'''
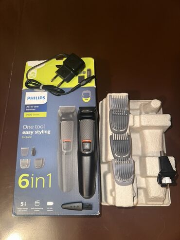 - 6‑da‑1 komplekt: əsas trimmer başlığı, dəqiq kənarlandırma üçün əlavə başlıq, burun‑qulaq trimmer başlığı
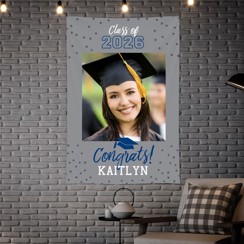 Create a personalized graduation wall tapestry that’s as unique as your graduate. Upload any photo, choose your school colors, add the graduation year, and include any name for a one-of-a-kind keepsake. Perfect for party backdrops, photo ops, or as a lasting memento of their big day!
'''
'''
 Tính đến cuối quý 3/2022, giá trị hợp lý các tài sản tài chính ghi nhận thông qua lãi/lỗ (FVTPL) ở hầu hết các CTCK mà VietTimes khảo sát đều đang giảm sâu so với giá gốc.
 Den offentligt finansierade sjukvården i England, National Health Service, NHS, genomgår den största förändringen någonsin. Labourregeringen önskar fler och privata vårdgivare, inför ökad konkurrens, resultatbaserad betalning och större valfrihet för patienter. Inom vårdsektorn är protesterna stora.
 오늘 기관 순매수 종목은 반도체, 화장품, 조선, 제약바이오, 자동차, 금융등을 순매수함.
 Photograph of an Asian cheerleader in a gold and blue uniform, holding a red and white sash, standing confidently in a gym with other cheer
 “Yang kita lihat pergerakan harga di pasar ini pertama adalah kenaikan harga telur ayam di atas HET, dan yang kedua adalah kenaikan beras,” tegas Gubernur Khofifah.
'''
→ **TASK INSTRUCTIONS**:
Only the lines above from the one containing "- 6‑da‑1 komplekt: əsas" through the one containing "Create a personalized" should be returned, verbatim and inclusive, with pictures excluded.

→ **TASK OUTPUT**:
 - 6‑da‑1 komplekt: əsas trimmer başlığı, dəqiq kənarlandırma üçün əlavə başlıq, burun‑qulaq trimmer başlığı
 Create a personalized graduation wall tapestry that’s as unique as your graduate. Upload any photo, choose your school colors, add the graduation year, and include any name for a one-of-a-kind keepsake. Perfect for party backdrops, photo ops, or as a lasting memento of their big day!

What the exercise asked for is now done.